Entries taken from a collection
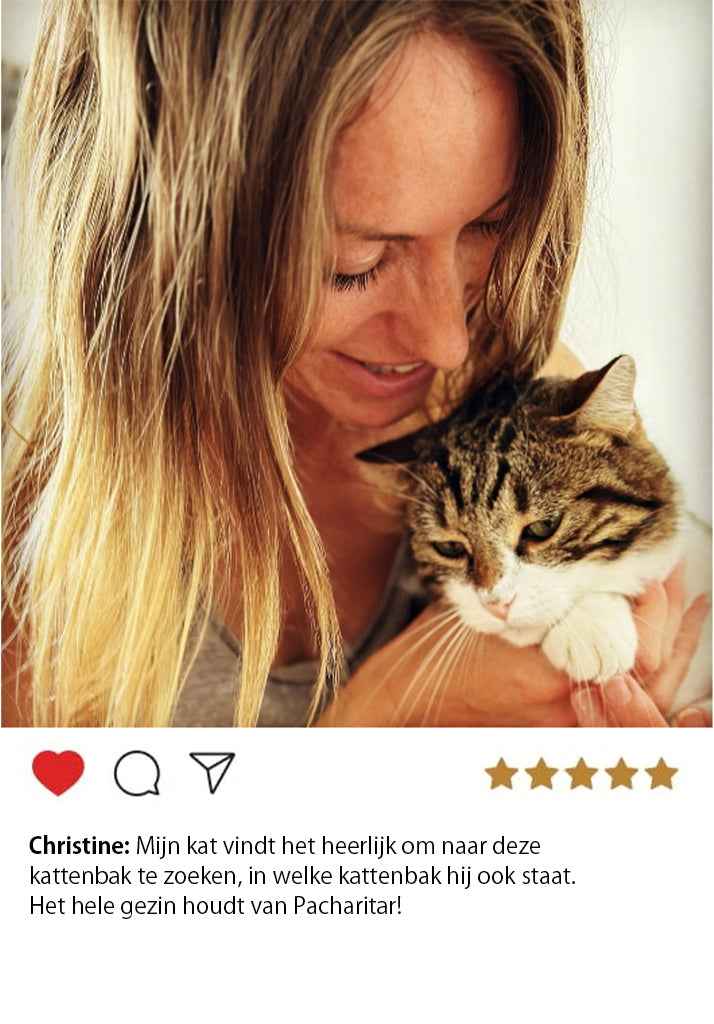 Met Pacha gaat een volle kattenbak per kat een hele maand mee.
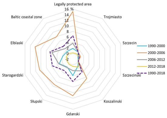 The changes over land use in the Polish Baltic zone in the last three decades only slightly follow the tendency in the neighbouring Baltic countries, such as Germany, Lithuania, and Estonia, where they were much more intensive [10,18]. The results and tendencies obtained in the Polish Baltic zone are much more similar to other coastal countries such as Malta, Cyprus, Bulgaria [46].
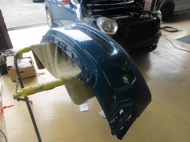 【板金塗装】【事故】 兵庫県西宮市、H様、2012y、MINI、クロスオーバー、R60、フロントバンパー損傷へこみ修理レポートです!ありがとうございました。
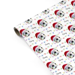 Personalised Merry Christmas Boys Football Santa Hat Wrapping Paper
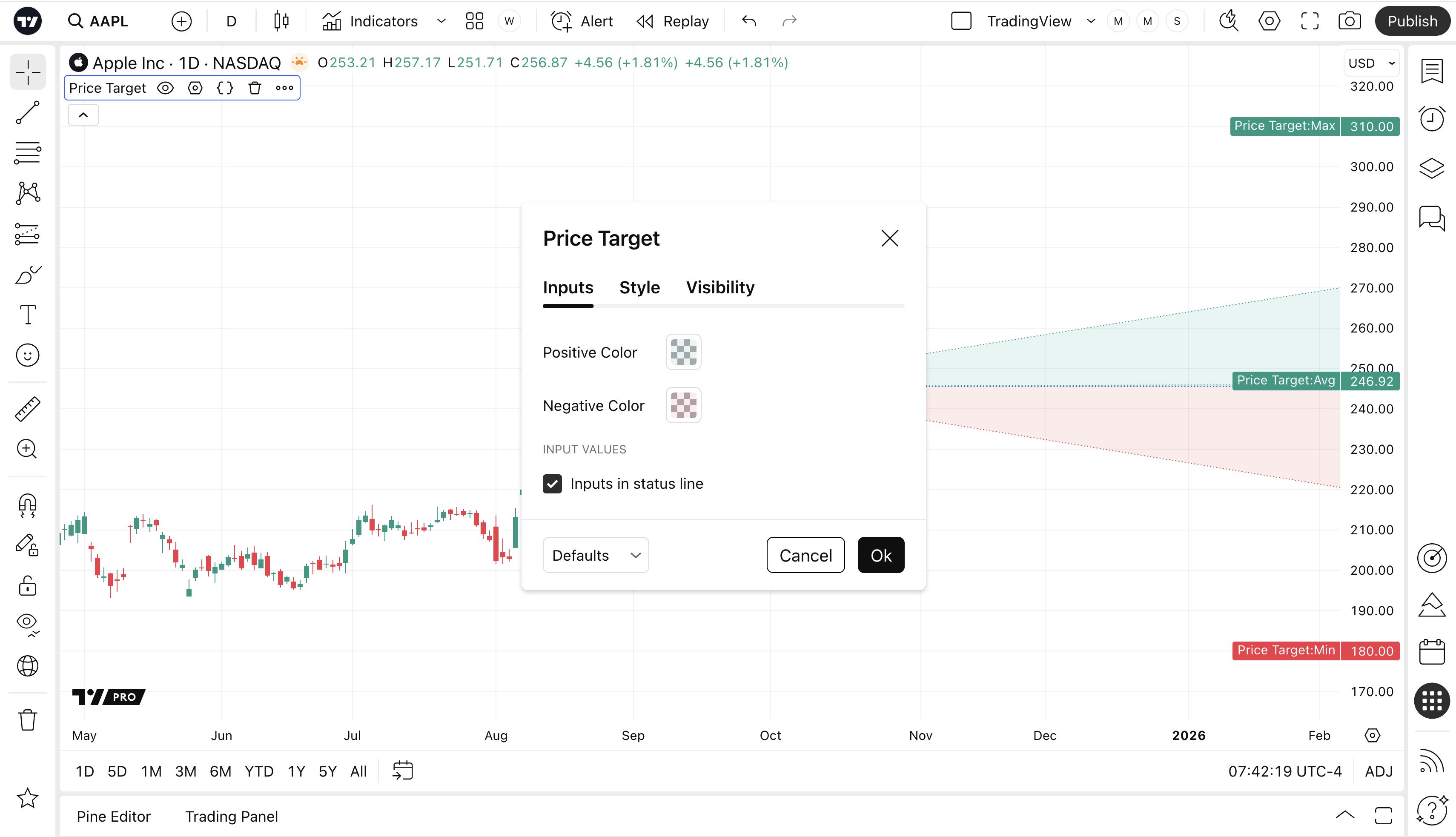 The colors for the lines, labels, and fills. If the predicted price is above the closing price of the symbol on the day that the prediction was made, then the drawings use the positive color. If the price is below the close, they use the negative color.
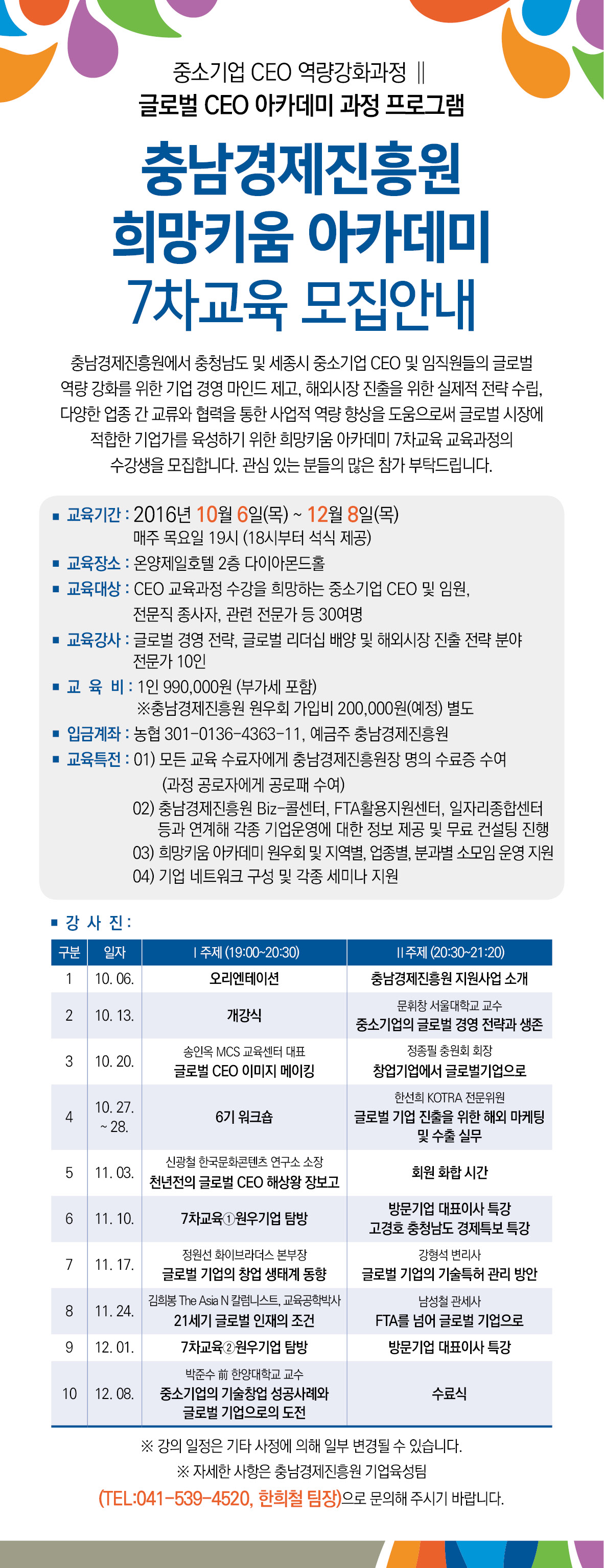 | 충남경제진흥원, 희망키움 아카데미 7차 "글로벌 CEO 아카데미 과정" 교육생 모집 안내 |
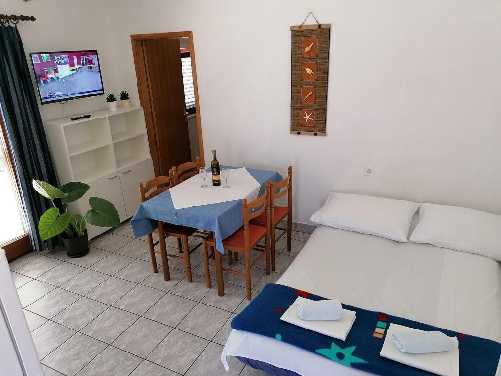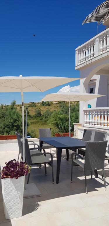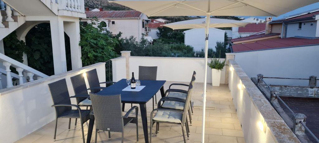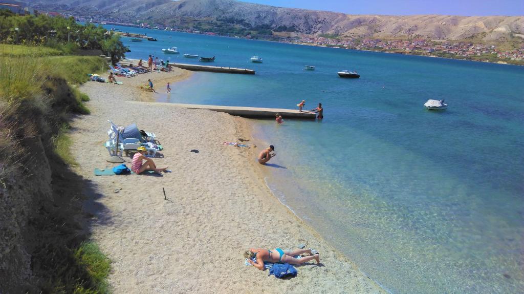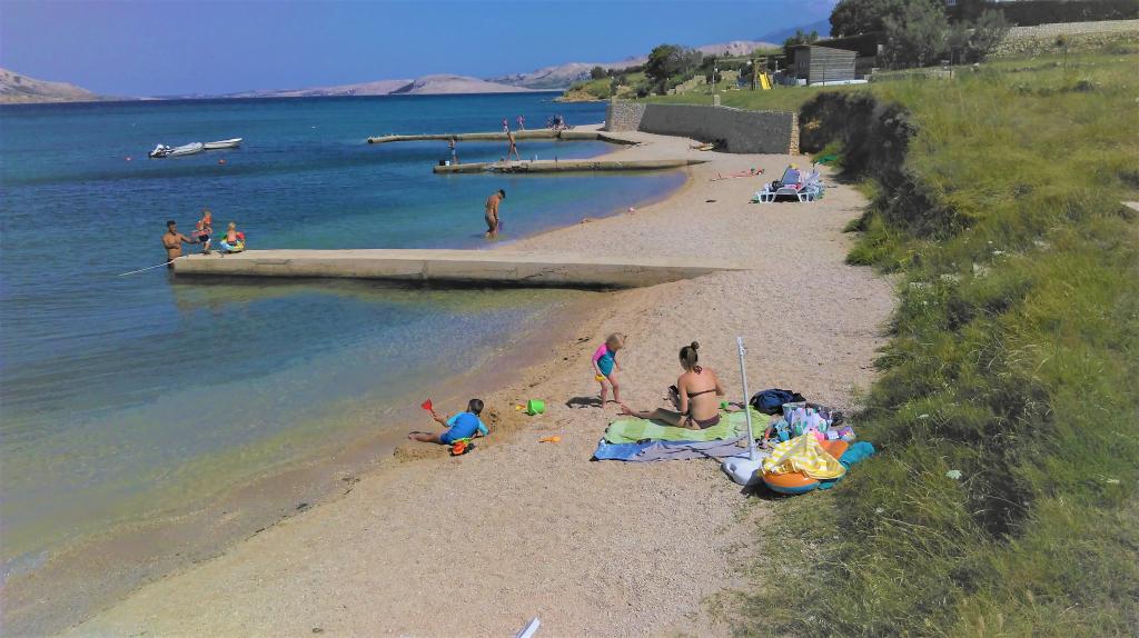 Gospodarze bardzo sympatyczni, apartament (mieliśmy na 1 piętrze) czysty z ładnym tarasem i widokiem na morze, spokojna okolica. Łagodne dojście do plaży z zegarkiem w ręku 3 minuty. Plaża ładna (zdjęcia oddają w 100% opis podany na stronie), drobny żwir. Do Pag spacerem 25 minut wzdłuż morza, bardzo malownicza miejscowość.Jak najbardziej polecam, wybór na wakacje doskonały.
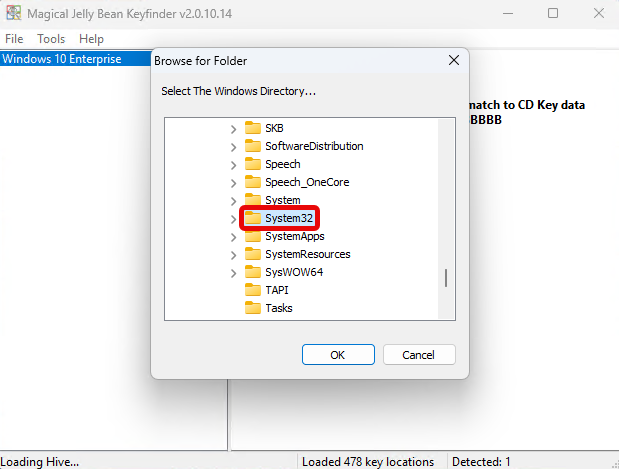 Από εκεί, με τη βοήθεια της δωρεάν εφαρμογής KeyFinder, μπορούμε να εντοπίσουμε το κλειδί προϊόντος της παλιάς εγκατάστασης. Την εφαρμογή μπορούμε να την κατεβάσουμε από εδώ, είναι portable και δεν απαιτεί εγκατάσταση.
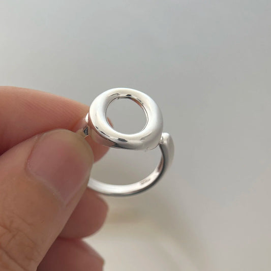 Luliya's 925 Sterling Silver, Couple, Minimalist, Handmade, Circle, Hollow, Adjustable Rings
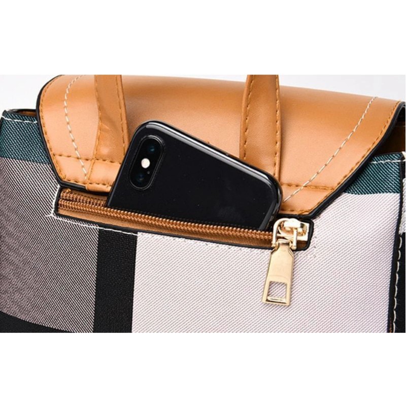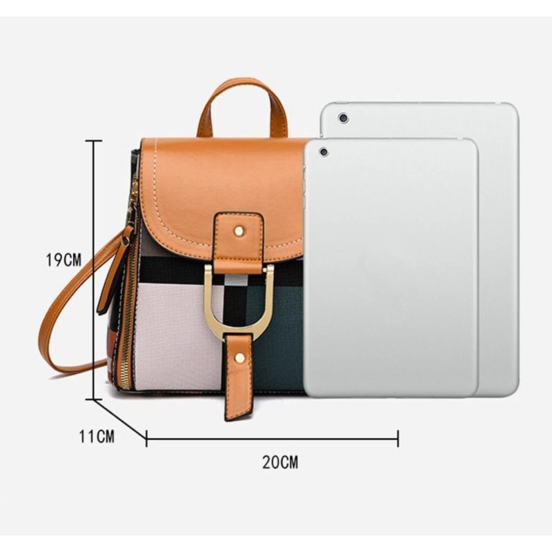 Unbranded Convertible Strap CREAM Flap Cover Plaid Leather Handbags Shoulder Bag Backpack
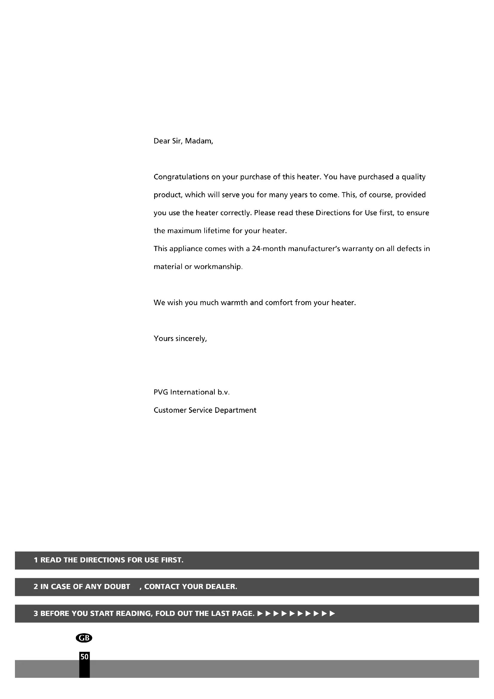 18a 18b 18dDear Sir, Madam, Congratulations on your purchase of this heater. You have purchased a quality product, which will serve you for many years to come. This, of course, provided you use the heater correctly. Please read these Directions for Use first, to ensure the maximum lifetime for your heater. This appliance comes with a 24-month manufacturer’s warranty on all defects in material or workmanship. We wish you much warmth and comfort from your heater. Yours sincerely, PVG International b.v. Customer Service Department 1 READ THE DIRECTIONS FOR USE FIRST.
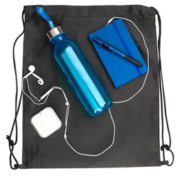 DESCRIÇÃO: Kit boas vindas. Conta com mochila em nylon 420, garrafa pet, fone de ouvido, caderno sem pauta e caneta esferográfica com tampa e ponta touch.
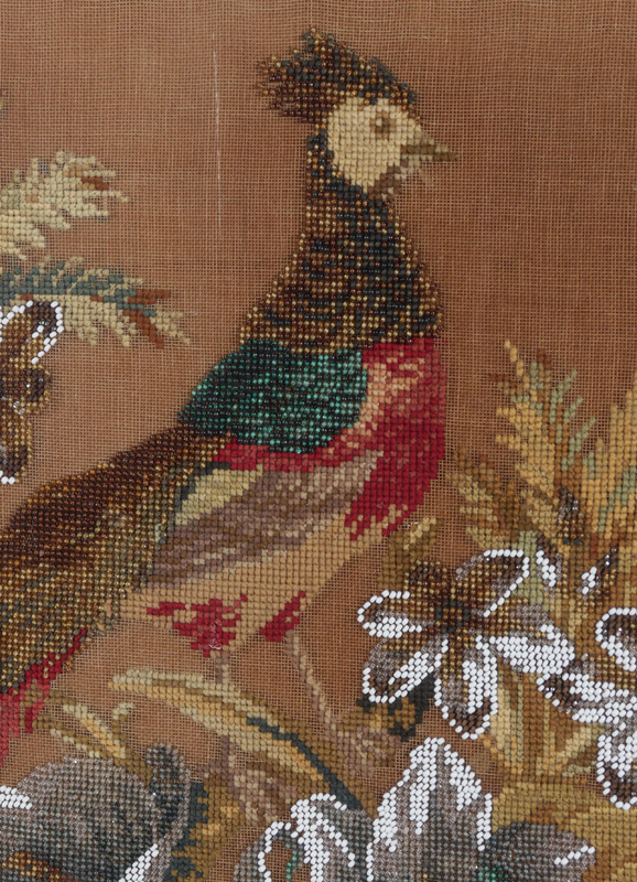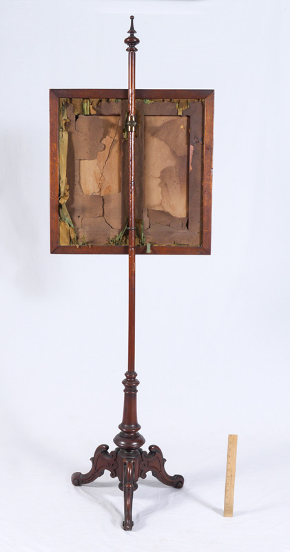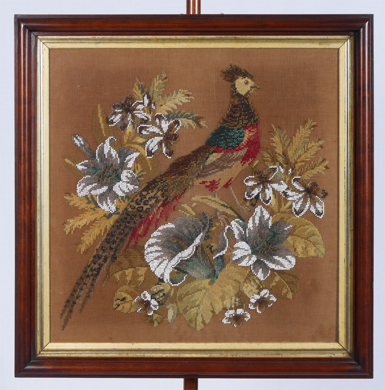 VICTORIAN BEADED PANEL POLE FIREPLACE SCREEN: Circa mid 19th century turned rose wood pole with carved splayed legs. 67 3/4'' h. x 17''. Beaded screen with peacock & floral motif, 22 1/2'' x 22 1/2'' x 2''.
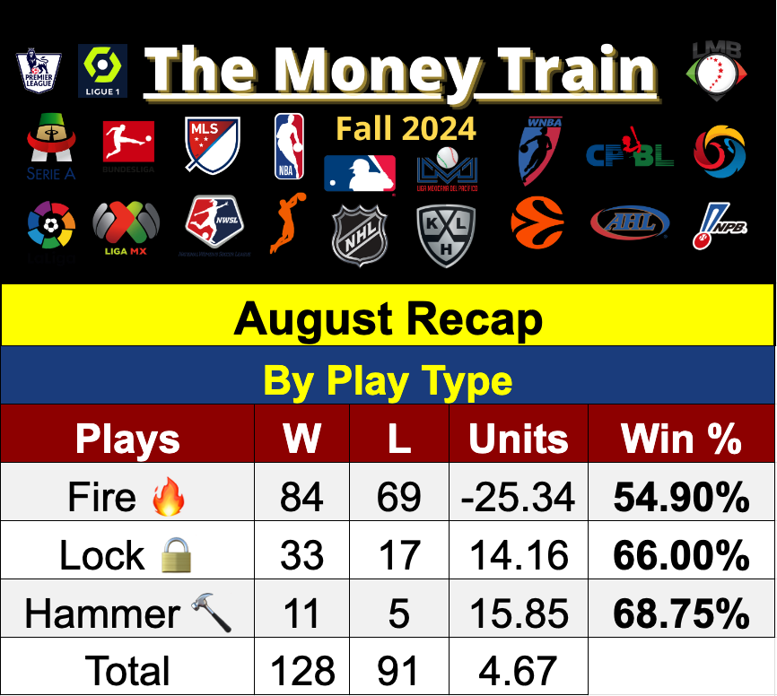 A brief rundown on how the TMT Betting Model performed in August.
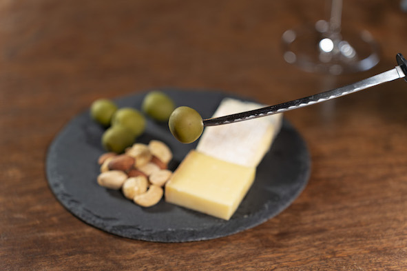 チーズなどのそれ程硬くない食材はカット可能です。フッ素加工済みのため、食器として使用可能。
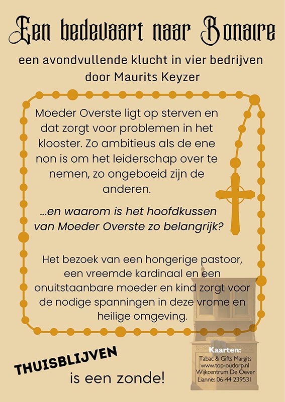 Info: Kaarten vanaf januari verkrijgbaar bij de Oever en Lianne: 06 4423 9531

*Action item*. Word for word, set down the lines from the line with "Από εκεί, με" through the last line of the entries, and nothing else; the pictures stay out.

*Answer box*.
 Από εκεί, με τη βοήθεια της δωρεάν εφαρμογής KeyFinder, μπορούμε να εντοπίσουμε το κλειδί προϊόντος της παλιάς εγκατάστασης. Την εφαρμογή μπορούμε να την κατεβάσουμε από εδώ, είναι portable και δεν απαιτεί εγκατάσταση.
 Luliya's 925 Sterling Silver, Couple, Minimalist, Handmade, Circle, Hollow, Adjustable Rings
 Unbranded Convertible Strap CREAM Flap Cover Plaid Leather Handbags Shoulder Bag Backpack
 18a 18b 18dDear Sir, Madam, Congratulations on your purchase of this heater. You have purchased a quality product, which will serve you for many years to come. This, of course, provided you use the heater correctly. Please read these Directions for Use first, to ensure the maximum lifetime for your heater. This appliance comes with a 24-month manufacturer’s warranty on all defects in material or workmanship. We wish you much warmth and comfort from your heater. Yours sincerely, PVG International b.v. Customer Service Department 1 READ THE DIRECTIONS FOR USE FIRST.
 DESCRIÇÃO: Kit boas vindas. Conta com mochila em nylon 420, garrafa pet, fone de ouvido, caderno sem pauta e caneta esferográfica com tampa e ponta touch.
 VICTORIAN BEADED PANEL POLE FIREPLACE SCREEN: Circa mid 19th century turned rose wood pole with carved splayed legs. 67 3/4'' h. x 17''. Beaded screen with peacock & floral motif, 22 1/2'' x 22 1/2'' x 2''.
 A brief rundown on how the TMT Betting Model performed in August.
 チーズなどのそれ程硬くない食材はカット可能です。フッ素加工済みのため、食器として使用可能。
 Info: Kaarten vanaf januari verkrijgbaar bij de Oever en Lianne: 06 4423 9531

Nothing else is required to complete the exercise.